22. This registration statement was false and misleading. There was no basis for the $4 million asset valuation. The stock issued in exchange for the software was worth far less than $2 per share at the time of the software purchase, and the same software had recently been purchased for only $410,000 by the owner.

23. The Company's use of the $2 per share stock price in calculating the asset value was not in conformity with generally accepted accounting principles ("GAAP"). Under GAAP, assets received by a corporation in return for stock must be recorded at fair value; the fair value may be determined by reference either to the value of the assets received or the stock issued, whichever is more clearly evident. Here, on the date of the software purchase, the Company's stock was trading at $.50, with minimal historical trading volume. The restricted nature of the stock issued by the Company added further uncertainty to its fair value. The use of an assigned $2 per share stock value by the Company was arbitrary and inappropriate.

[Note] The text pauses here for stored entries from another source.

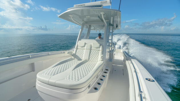 In all cases, as we nestle in at the helm, we’re expecting good things. After all, these boats hail from South Florida, where people think nothing of charging 60 miles offshore to reach their favourite fishing spots, so it needs to take good care of you.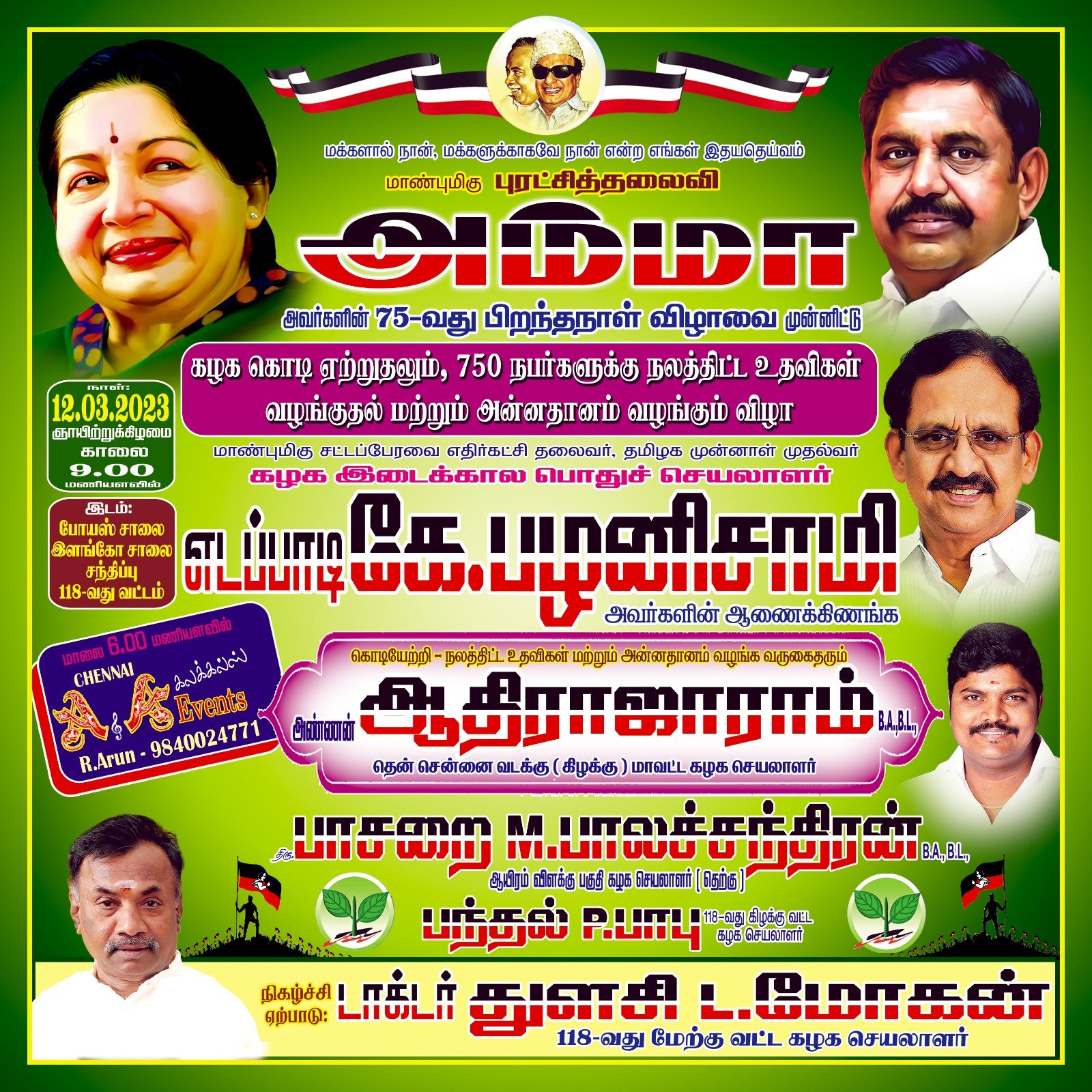 மறைந்த முன்னாள் முதல்வர் ஜெயலலிதாவின் 75வது பிறந்தநாளை முன்னிட்டு அதிமுக 118வது மேற்கு வட்ட அதிமுக செயலாளர் டாக்டர் துளசி எல்.மோகன் ஏற்பாட்டில் சென்னை போயஸ் சாலை இளங்கோ சாலை சந்திப்பில் 12ம் தேதி காலை 9 மணியளவில் 750 பேருக்கு நலத்திட்ட உதவிகள் வழங்கும் விழா நடக்கிறது. இதில் திரளான நிர்வாகிகள் பங்கேற்கின்றனர்.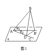 例1 如图1,AB和平面α所成的角是θ1;AC在平面α内,BB′⊥平面α于B′,AC和AB的射影AB′成角θ2,设∠BAC=θ.求证: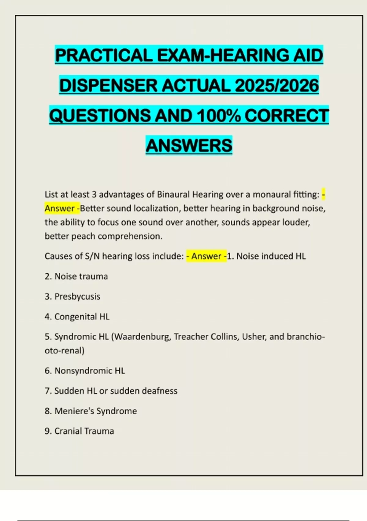 PRACTICAL EXAM-HEARING AID DISPENSER ACTUAL 2025/2026 QUESTIONS AND 100% CORRECT ANSWERS List at least 3 advantages of Binaural Hearing over a monaural fitting: - Answer -Better sound localization, better hearing in background noise, the ability to focus one sound over another, sounds appear louder, better peach comprehension. Causes of S/N hearing loss include: - Answer -1. Noise induced HL 2. Noise trauma 3. Presbycusis 4. Congenital HL 5. Syndromic HL (Waardenburg, Treacher Collins, Usher, and branchiooto-renal) 6. Nonsyndromic HL 7. Sudden HL or sudden deafness 8. Meniere's Syndrome 9. Cranial Trauma10. Ototoxic drugs A. reduced audibility and intelligibility 1. poor frequency selectivity 2. reduced dynamic range 3. SNHL elevates thresholds but tolerance for loud sounds is unchanged relative to normal B. Recruitment 1. an exaggerated perception of loud sounds (abnormal loudness growth) 2. Important to measure UCLs at multiple frequencies to accurately measure dynamic range. Effects of S/N hearing loss include: - Answer -A. reduced audibility and intelligibility 1. poor frequency selectivity 2. reduced dynamic range 3. SNHL elevates thresholds but tolerance for loud sounds is unchanged relative to normal B. Recruitment 1. an exaggerated perception of loud sounds (abnormal loudness growth)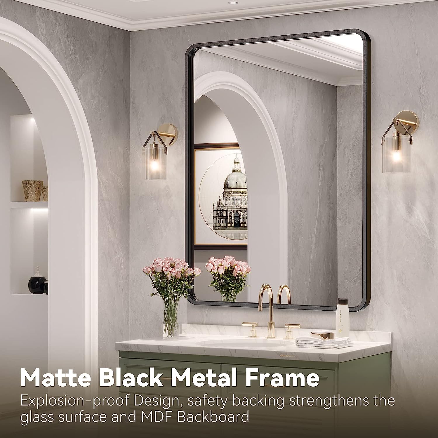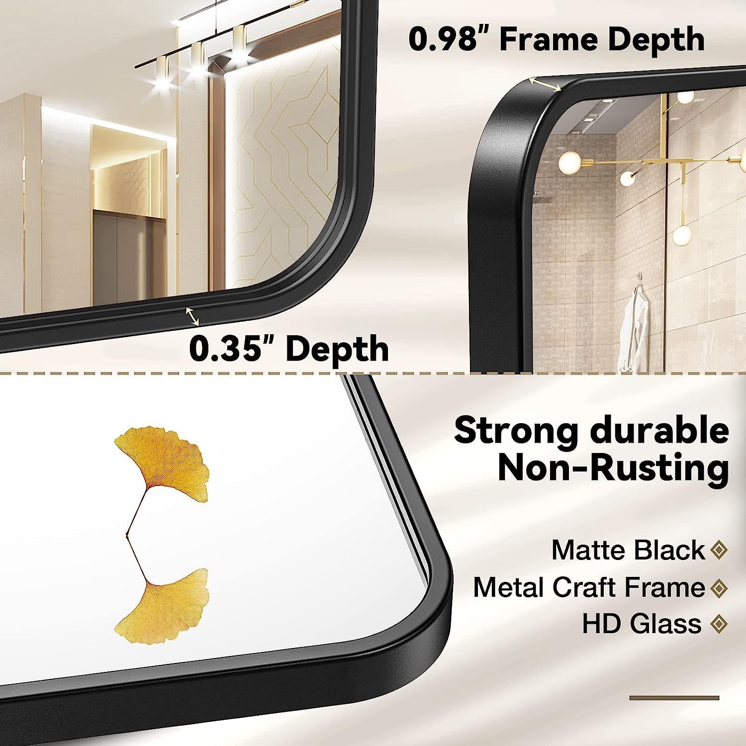 - EASY MOUNTING BATHROOM MIRRORS FOR WALL: Our Matte Black Vanity Mirror including 4 Metal Hooks for you to change the Horizontal and Vertical Installation. Equipped with hanging hardware on the back, increases you wall mirror stability and safety.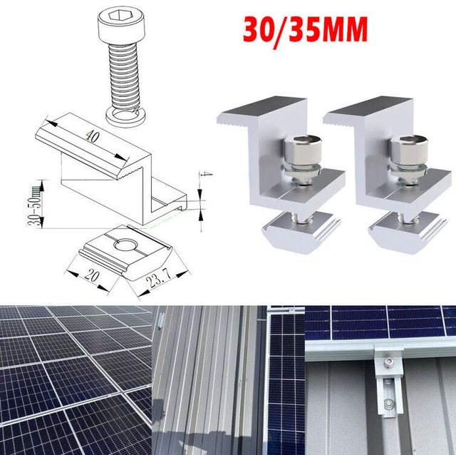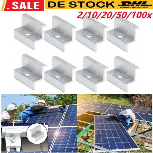 10x Solar Endklemmen 30mm - Aluminium, Silber, Für PV-Module Mit Schrauben
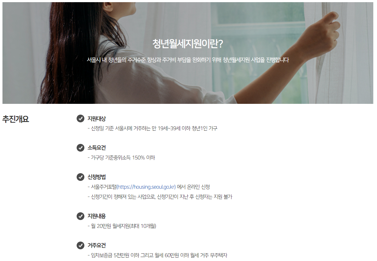 지원대상 : 신청일 기준 서울시 거주, 만 19세~39세 이하 청년 1인 가구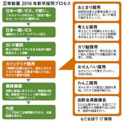 「雪の宿」「チーズアーモンド」などで知られる新潟の米菓メーカー三幸製菓だ。おせんべいに対する愛を語る「おせんべい採用」、新潟出身者以外が新潟好きをアピールする「ニイガタ採用」。勉強一筋の学生向けの「ガリ勉採用」、最終面接まで一度も会わず、スカイプで面接をする「遠距離就活」。三幸製菓が打ち出したのは、これらのユニークな選考方法から自分に合った方法を選び応募してもらう、その名も「カフェテリア採用」だ。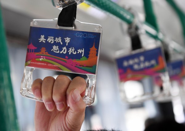 這是杭州一輛公交車扶手上的G20宣傳語(8月27日攝)。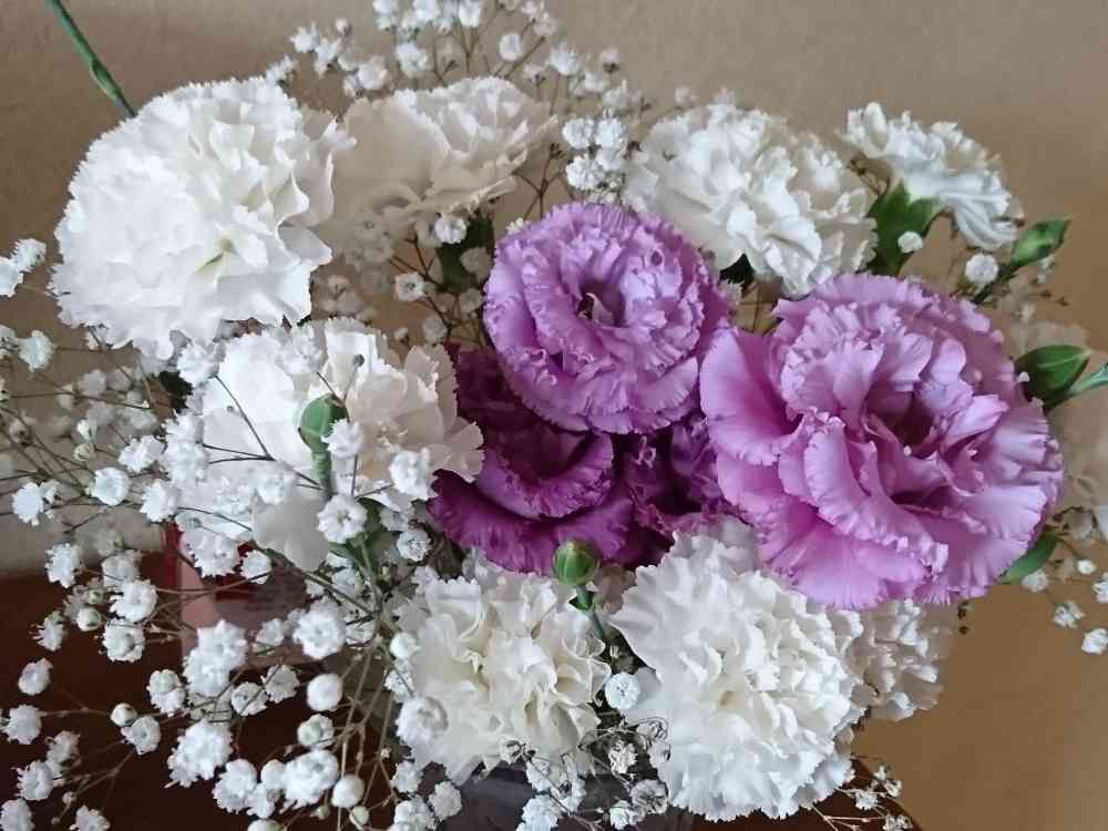雨の日は部屋のなかでお花🙋💕しましょう😆もう咲きずぎて今がみどころかな😇🌼母の日に義母に白のカーネーション❤️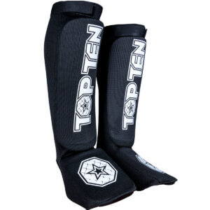 Optimal für MMA, K1 oder Thaiboxen! „Contender“ Schienbein- und Spannschützer von TOP TEN aus hautfreundlichem Baumwollmaterial zur Verminderung der Prellgefahr. Die dauerelastischen Bandagen lassen sich wie Strümpfe überziehen und liegen rutschfest über Schienbein und Spann. Zusätzlich geben die „Contender“ Schützer einen zusätzlichen Stützeffekt für ein sicheres Auftreten im Ring oder Octagon. Ein elastischer Klettverschluss am oberen Rand sorgt für einen festen Sitz.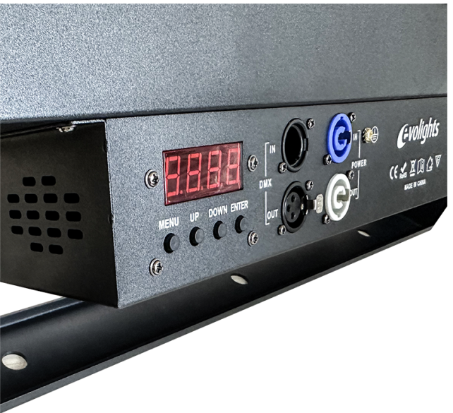 Evolights Lumen Pix Bar charakteryzuje się przede wszystkim bardzo łatwą i intuicyjną obsługą ✅. Listwa ta może pracować samodzielnie lub być kontrolowana, dlatego świetnie sprawdza się na każdej imprezie. Panel sterowania składa się z wyświetlacza LCD oraz 4 przycisków. Za ich pomocą możemy wprowadzać zmiany w ustawieniach menu, ustawić kolory statyczne belki lub wybrać jeden z 4 interesujących nas trybów pracy: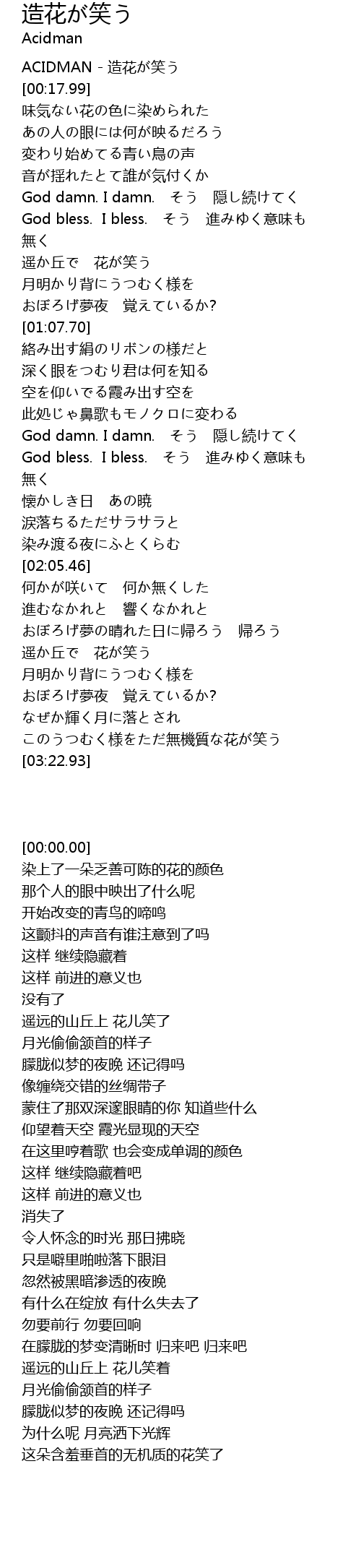 | [00:00.00] | ACIDMAN - 造花が笑う |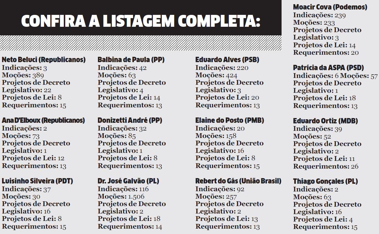 Moções: Na apresentação de moções, o destaque absoluto é Dr. José Galvão, com expressivas 1.506 moções. Na sequência, aparecem Engenheiro Eduardo Alves com 424, e Neto Beluci (Republicanos), que contabiliza 389 moções apresentadas.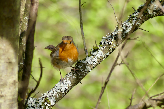 Rotkehlchen sangen überall, aber nur eins ließ sich zu einem kurzen Fotoshooting herab.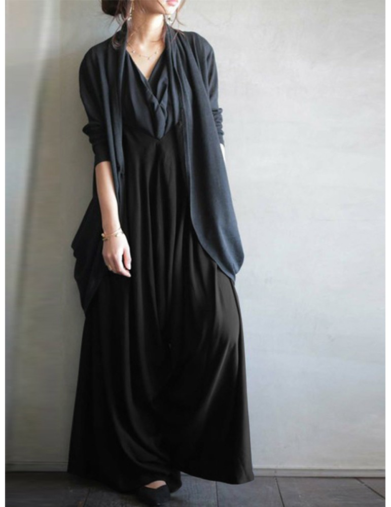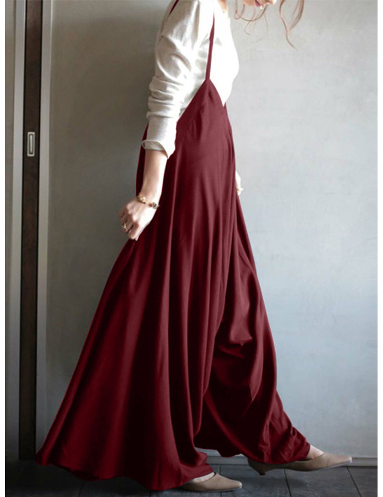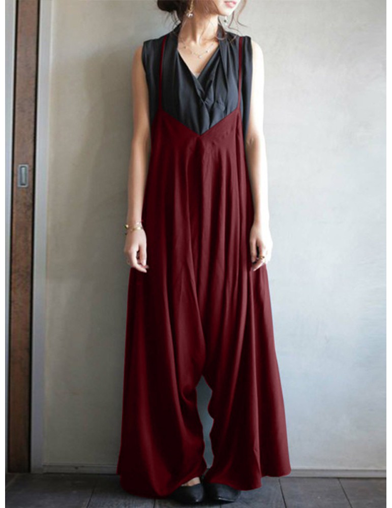 Spaghetti Strap Solid Color Wide Leg Loose Casual Romper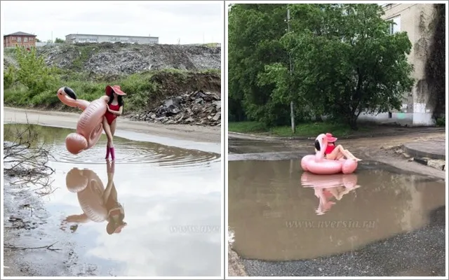Tapi nih ya, seorang model di Rusia yakni Anna Moskvicheva memiliki cara unik tersendiri untuk melakukan protes dengan adanya jalan berlubang di kotanya di mana ia tinggal. Dikutip dari laman odditycentral.com, wanita cantik ini melakukan protes dengan melakukan pemotretan di jalan-jalan berlubang yang juga tergenang air hujan.

24. In the absence of a clear fair value for the restricted stock issued to the owner, the Company should have recorded the asset at the value of the software itself. At the time of the transaction, the Company had no appraisal of the value of the software, and no customers for the product. The only evident and objective value of the asset was the price the owner had agreed to pay to the bank that had designed the software ($410,000). At most, the Company could have considered the price the licensee agreed to pay the owner for the software licensing rights (a maximum of $650,000). By recording the asset at $4,000,000, the Company materially overstated its assets by approximately $3.35 million.

25. The Company knew, or was reckless in not knowing, that the financial statements included in the Form 10-SB were materially false and misleading. Based on the foregoing, the Company violated Section 10(b) of the Exchange Act and Rule 10b-5 thereunder.


Based on the foregoing, the Commission deems it appropriate to accept the Offer submitted by Secure Sign, Inc. Accordingly, IT IS HEREBY ORDERED pursuant to Section 21C of the Exchange Act that:

Secure Sign, Inc. cease and desist from committing or causing any violations or any future violations of Section 10(b) of the Exchange Act and Rule 10b-5 thereunder.

For the Commission, by its Secretary, pursuant to delegated authority.

Jonathan G. Katz


1 The findings herein are made pursuant to the Company's Offer and are not binding on any other person or entity in this or any other proceeding.
2 During the relevant period, the Company operated under the name Consolidated Data, Inc. In February 2000, the Company changed its name to YourBankOnline.com, the name under which this proceeding was initiated. The Company changed its name to Secure Sign, Inc. in November 2000. For purposes of clarity, respondent Secure Sign, Inc. is referred to as "the Company" in the Offer and the Order.